Tuesday, February 11, 2020

Where was the power of the rich in the 1930s?


The social safety net is a no-brainer to me. Capitalism has created great wealth and also created great inequality. Starting with Roosevelt in the 1930s, the US built a social safety net, paid for by taxes on the wealthy. The other industrialized nations have all taken the same path. And yet today in the US this concept is under attack. Leading the charge are wealthy Republicans whose personal interest is aligned with lower taxes. But they are also backed by a large number of working people who benefit from the safety net they oppose, acting against their own self-interest. How did this happen? We are told that the wealthy wield great political power, and there is a lot of truth to that.

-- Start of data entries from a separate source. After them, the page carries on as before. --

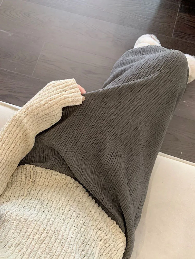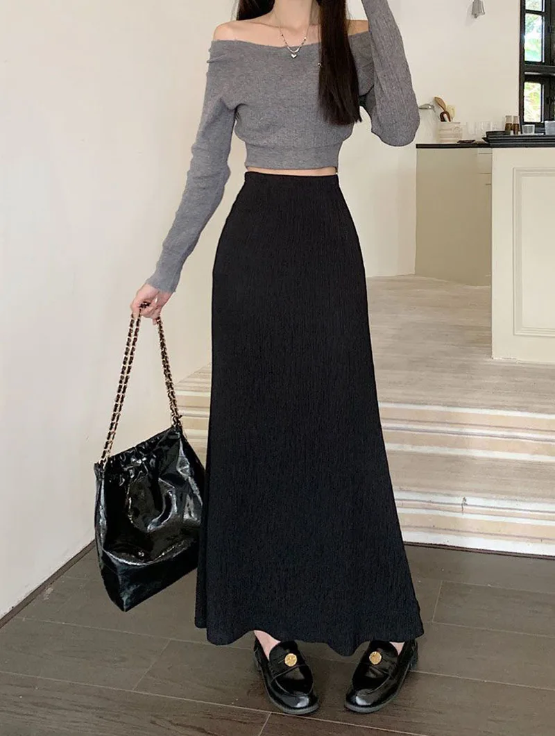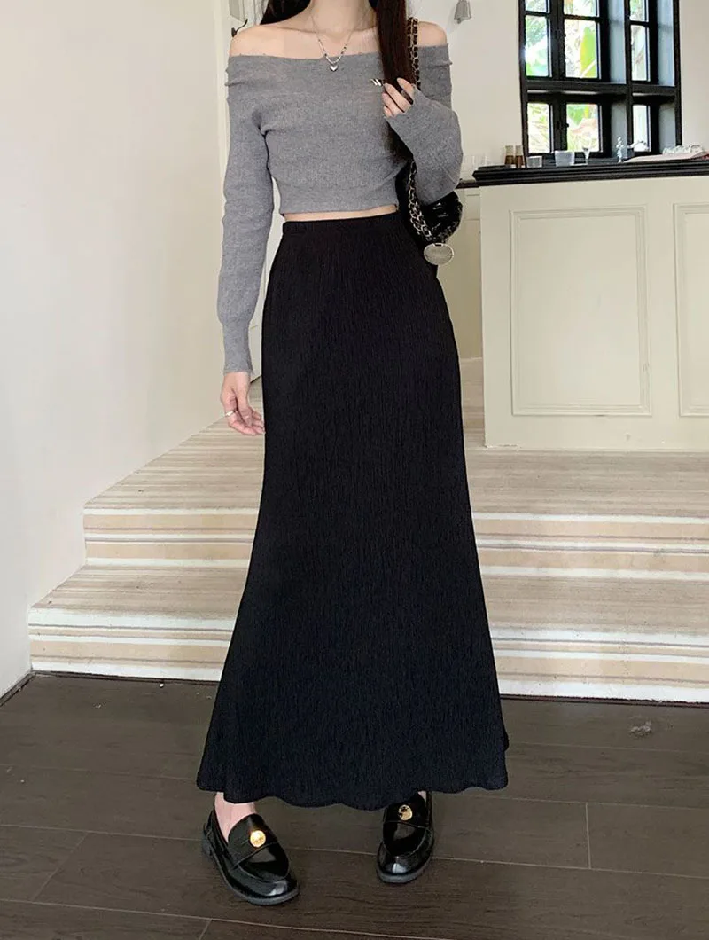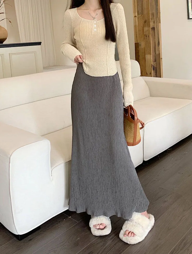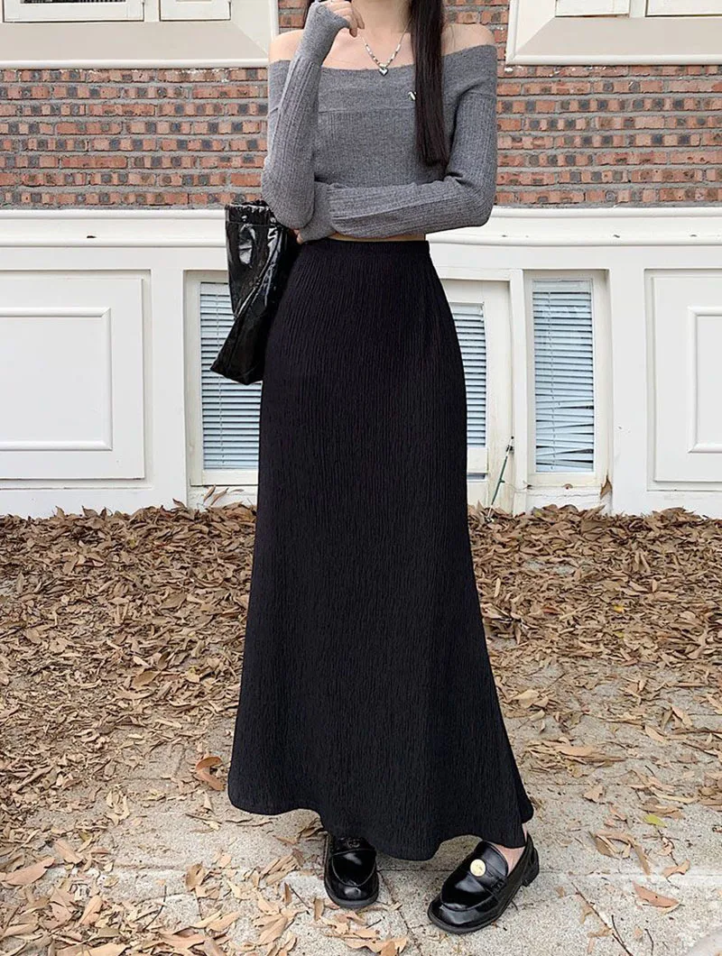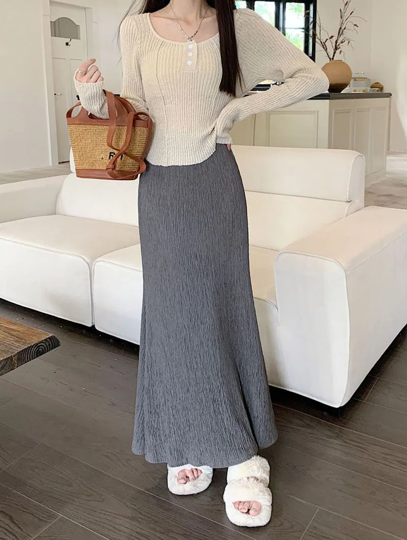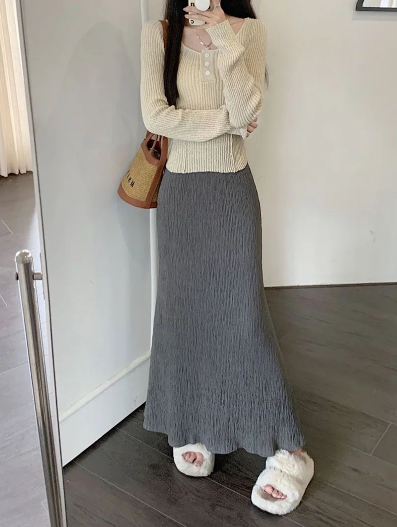 GETADME Xpqbb Lazy Style High Waist Long Skirt Women Vintage Brown Fold Slim Fit Mermaid Skirts Female Elegant Streetwear Midi Skirts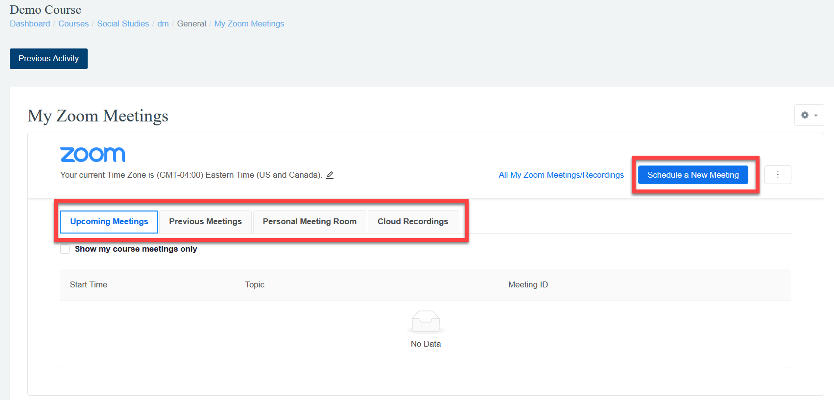 5. Once you click on save and display, the Zoom menus will be displayed as embedded into your course. From this point on, you can schedule a new meeting, access previous meetings, cloud recordings, or your personal meeting room without leaving the Radix LMS site.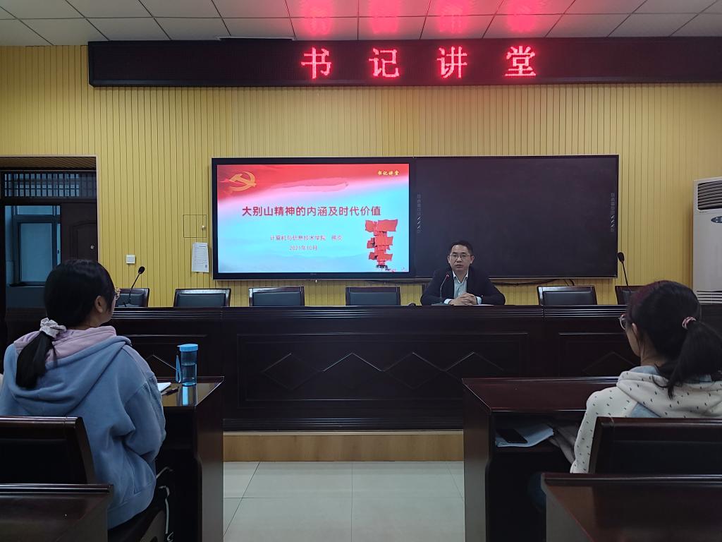 10月14日,我院“书记讲堂”暨党史学习教育专题报告会在计科楼410举办,学院党委书记熊炎作《大别山精神的内涵及时代价值》专题报告,我院全体学生党员和学生干部代表现场聆听报告。

But how were things different in the 1930s? In Roosevelt's landslide victory in 1936, he won every state except Vermont and Maine. Yet his support was far from unanimous. The popular vote total was 61%, and his Republican opponent got 36%. Over a third of the voters disapproved of him. Presumably the rich were disproportionately represented among that one third, but they had a large minority of ordinary people. Whatever arguments the opponents were making have not made it into the histories I have read. How come the rich lacked power then and yet they have so much of it now?

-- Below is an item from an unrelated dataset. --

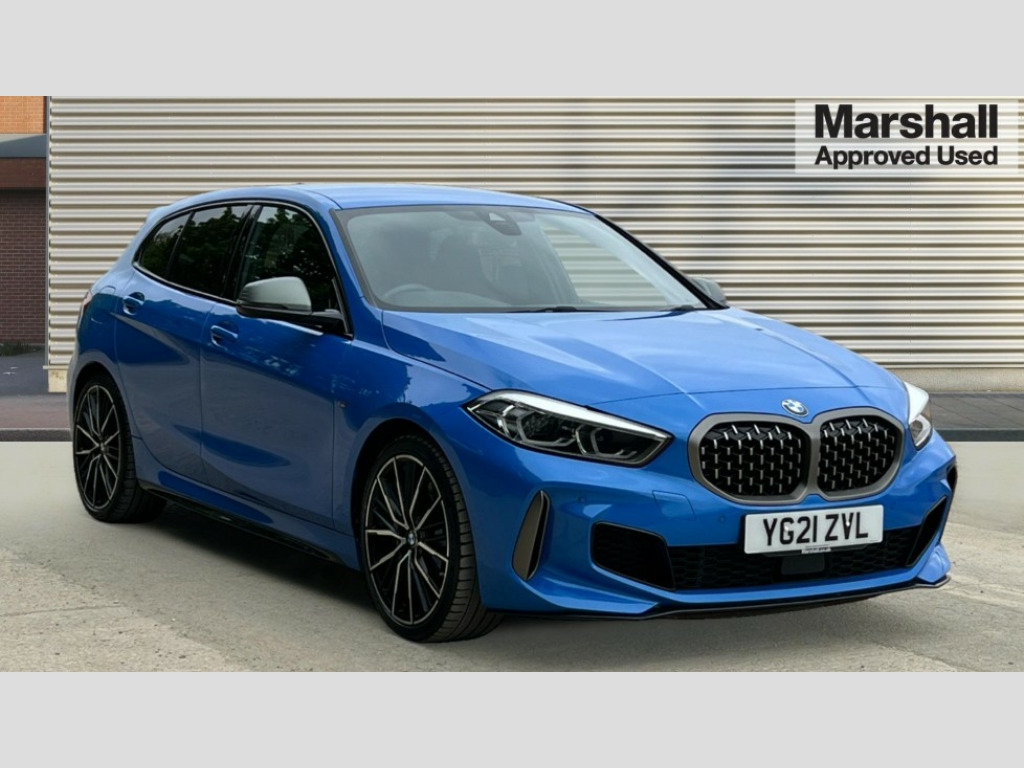 BMW 1 Series M135i xDrive 5dr Step Auto Active guard plus, Attentiveness assist, Bluetooth / WiFi interface for wireless connection of mobile terminal devices and audio streaming, BMW ConnectedDrive online services, BMW Teleservices, Check Control warning system for monitoring of lights and door/luggage compartment open warning, Eco pro mode, Electric power steering, Electro hydraulically controlled multi-plate clutch transfers drive to rear axle and with power take-off device located on the front differential., Energy efficient operating strategy, Front axle single joint with specific axle kinematics to minimise drive influences on steering + provide increased rigidity agile driving behaviour, Gearshift time display in manual mode, Integrated owners handbook, M Sports steering with M135i xDrive specific settings, Oil sensor for level and grade, On board computer, Optimum shift indicator, Personal Profile, Pull away assistant, Rigidly mounted rear subframe - Multi link construction with separate spring / damper configuration and excellent driving characteristics, Speed limit Info including no-overtaking indicator, Speed limiter, Sporty fast gear shifting in sport mode, Aluminium lightweight construction, Anti roll bar front and rear, Balancer shaft, Double VANOS, Drive Performance Control, Eight speed sport automatic transmission with gearshift paddle switches, Electronic differential lock, Electronic selector lever, Engine cover with M performance designation, High precision injection, Larger fuel tank capacity (50 litres), Launch control, M135i specific heavily de-throttled engine intake air guide, M135i specific high-performance cooling package, M135i specific larger turbocharger with integrated divert-air valve, Petrol Particulate Filter, Twin tube gas filled shock absorbers with degressive characteristic curve, VALVETRONIC engine management, Variable, stepless and infinitely adjustable distribution of drive torque between the front and rear axles, xDrive intelligent all wheel drive with M135i specific reinforced components, DAB Digital radio, HiFi loudspeaker audio system, Auto dimming rear view mirror, Automatic headlight beam throw control, Automatic windscreen wipers and automatic headlight, Body colour door handles, Body colour roof trims, Cerium grey exterior mirror caps, Direction indicator side lights in exterior mirrors, Exhaust tailpipe, Cerium Grey with bevelled finish - twin, round 100mm, left and right split, Fading support, Folding side mirrors with auto dimming/folding wing mirrors with auto dimming, Follow me home headlights, Front and rear bumper system with replaceable deformation elements, Front and rear electric windows with open and close fingertip control, anti trap facility and comfort closing, Front door sill finishers with M135i designation, Green tinted heat protection glazing, Heated, electrically adjustable exterior mirror aspheric on driver side, convex on passenger side, High gloss shadowline window frame, Recess cover mirror frames and B/C pillar embelisher trim, High level third brake light, Integrated front windscreen with washer jets, Kidney grille frame in Cerium Grey with Mesh design, LED daytime running lights, LED eyebrow turn indicators, LED front fog lights, Lightweight engineering, M logo designation side in cerium grey, M Performance exhaust system with valve control and minimised exhaust back pressure, M Performance specific setup, M Sport spoiler, Matt black air guide grilles, Matt black wheel arch trim, Model designation on electric bootlid includes xDrive designation for M135i xDrive, Nearside reverse light in rear light cluster, Preparation for high beam assistant, Rear fog lights, Rear window wiper, Reinforced crank drive, new pistons and adapted con rods, Shark fin antenna, Trailer stabilisation logic, Visible VIN plate, Welcome lighting, 12V power socket in front centre console with blanking plug, 3 rear seat head restraints, 3 spoke sports leather steering wheel with black leather and stitching, pearl chrome decorative finish, specific M Badge, Ambient interior lighting, Anthracite headlining, Child seat ISOFIX attachment for two outer rear seats and front passenger seat with anchorage points, Conditioned based service, Driver and front passenger seat heating, Floor mats in anthracite velour with contrasting colour seam to match contrast stitching on instrument panel, Folding rear clothes hook, Four grab handles integrated in roof lining, Front and rear door pockets with bottle holders, Front and rear side armrest integrated into door trim, Front armrest, Front integrated head restraints, Front M sports seats, Glove compartment, Luggage compartment for bag hooks on left and right, foldable luggage compartment liner and two lashing eyelets, Manual adjust steering wheel, Multi-function controls for steering wheel, Storage compartment in centre console, Sun visors with vanity mirrors and insert tab, Two front centre console cupholders, Two zone automatic air conditioning, Additional interior lighting pack - 1 Series M135i, Additional storage compartment pack with code 493 -1 series, BMW live cockpit professional pack- 1 Series, Connected pack professional - 1 Series, Interior lights pack - 1 Series, M Sport exterior styling aerodynamics pack - 1 Series 135i, 2 tone horn, 3 point seatbelts on all seats, front pyrotechnic belt tensioners, stopper and belt force limiters, rear coded belt buckles, Airbags - Front driver/passenger, front and rear curtain head protection, front side, manual deactivation of front passenger airbag, Anti lock braking system (ABS) with brake assist, BMW emergency call, Brake drying, Braking readiness, Child proof locking system in rear door, Comfort modes, Cornering brake control, Crash sensor activating central locking release, hazard warning lights, fuel cut off, interior lighting + activation of safety battery terminal clamp, Driver and front passenger seat belt security check, Dynamic stability control + (DSC

One of the many things I have been curious about is the US reconstruction of Japan after World War II, carried out in large measure by Douglas MacArthur. The Wikipedia article notes that it was a rare opportunity for one nation to largely remake the society of another nation. Yet while MacArthur was a staunch Republican, the blueprint of society that was imposed on Japan was very much like Roosevelt's New Deal. From Wikipedia, "MacArthur's efforts to encourage trade union membership met with phenomenal success, and by 1947, 48% of the non-agricultural workforce was unionized." Elected Republican legislators might have recognized that the New Deal was so popular with the US electorate that it was unwise to suggest dismantling it. But there was no parallel concern for the views of the Japanese. So perhaps MacArthur was an example of a fair number of Republicans who were convinced that the New Deal was a good idea? Or did they just lack insight, somehow?

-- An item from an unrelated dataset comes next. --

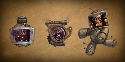 According to Ben, during the very first stages of the artistic card designs, the sky was the limit. The designs were so varied that some of them were even voodoo dolls, gear-driven contraptions, magical jars, moonwells and even papercraft minions. Even though the sky was the limit, these designs had a variety of cons and pros when judged their functionality as game pieces. Ben expands on the subject and says that as the team weighed the pros and cons, they became enriched with knowledge about what they wanted to be in the art, and what they didn't want: "We knew that we wanted it to feel like a physical object, that it should definitely feel valuable, but we also knew that the game should absolutely feel as though it belongs in the world of Azeroth." Phrases like "epically charming" and "delightful surprise" were beginning to form in their game vocabulary and soon, into the game itself.

In my youth I was earnestly devoted to the goal of a socialist revolution the US. I had enough perspective to look at a wide range of nations where there had been socialist movements, and compare those that succeeded and those that failed. It seemed to me that the key factor in the victory of a socialist revolution was overwhelming incompetence on the part of the existing regime. Where the powers that be had enough political savvy to divide the opposition and buy off parts of it (for instance) the revolutions failed.

So is it possible that the rich in the 1930s just lacked vision and a good PR operation? And that they finally got enough political wisdom to add to their financial advantage to bring about the Reagan revolution of 1980? Or is it possible that through the 1960s they had scruples about just plain lying, and the new generation of right-wing activists lost those scruples?

I would welcome other perspectives on this mystery.